An RBC Capital Markets analyst lowered his rating Tuesday on insurance conglomerate Aon Corp., saying earnings growth from its planned acquisition of human resources specialist Hewitt Associates for $4.9 billion is far off.
Analyst Mark Dwelle cut Aon to “sector perform” from “outperform,” trimmed earnings per share estimates 2010 and 2011 and reduced the price target on shares by 13 percent, to $40.
That still implies gains of more than 12 percent from Monday’s closing price. Aon shares fell $2.72, or 7.1 percent, to $35.62, Monday after the company said it would buy Hewitt in a cash-and-stock deal that will nearly triple the size of its consulting business.
Aon will pay $50 per Hewitt share, a 41 percent premium over Hewitt’s closing price Friday of $35.40.
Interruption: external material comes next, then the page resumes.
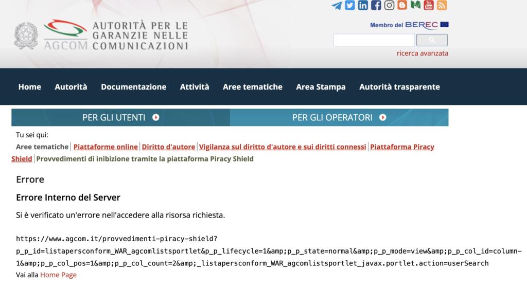 Difficile, però, avere i dettagli sugli interventi. A oggi, infatti, sulla pagina dedicata ai “Provvedimenti di inibizione tramite la piattaforma Piracy Shield“, appare questo messaggio di errore.

Aon said it expects the deal to save $355 million annually beginning in 2013, primarily from reducing back-office operations, management overlap and public company costs and getting more from technology platforms. It said the deal will help earnings in 2011 and 2012.
But Dwelle said he expects earnings per share of $3.48 in 2011, down from a previous estimate of $3.62, because of stock dilution and the likely elimination of Aon’s stock buyback program.
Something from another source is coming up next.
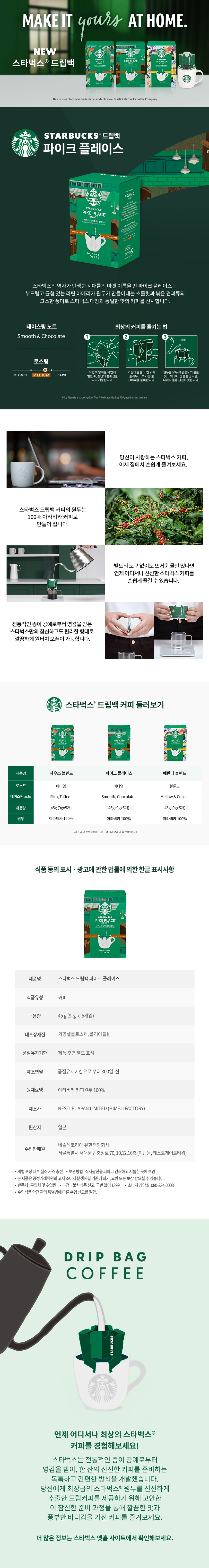 - 제품명: [스타벅스] 드립백 미디엄 5T (파이크 플레이스) 3박스
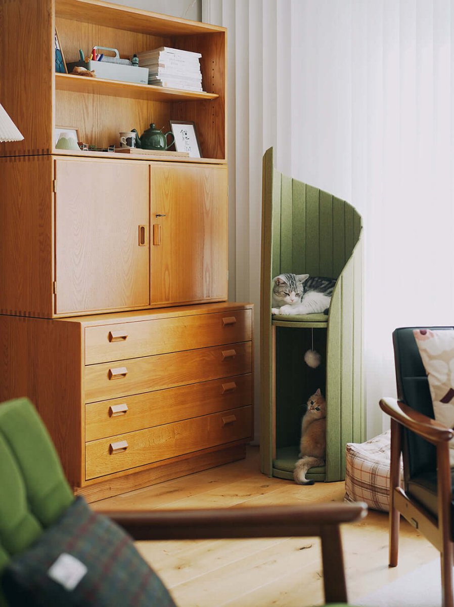 This time tower is a structure that allows cat to just play and forget about the flow of time. Adorned with flowing lines and a spiral open space on the upper level, this tower of time tree captures the changing light and shadows, evoking a sense of time gently passing by.

Analysts polled by Thomson Reuters expect earnings per share of $3.58 in 2011.
Still, Dwelle said Aon management has historically done a good job with integrating acquisitions and cutting costs, and the deal could “serve investors well” by late 2011 or 2012.
He noted that purchasing Hewitt will make Aon a more “cyclical” business, or one whose revenue tends to track closely with upswings and downswings in the economy. If the economy weakened again, leading companies to curb spending on consulting, that could delay Aon’s goal of a 20 percent operating margin for the consulting unit, said Dwelle.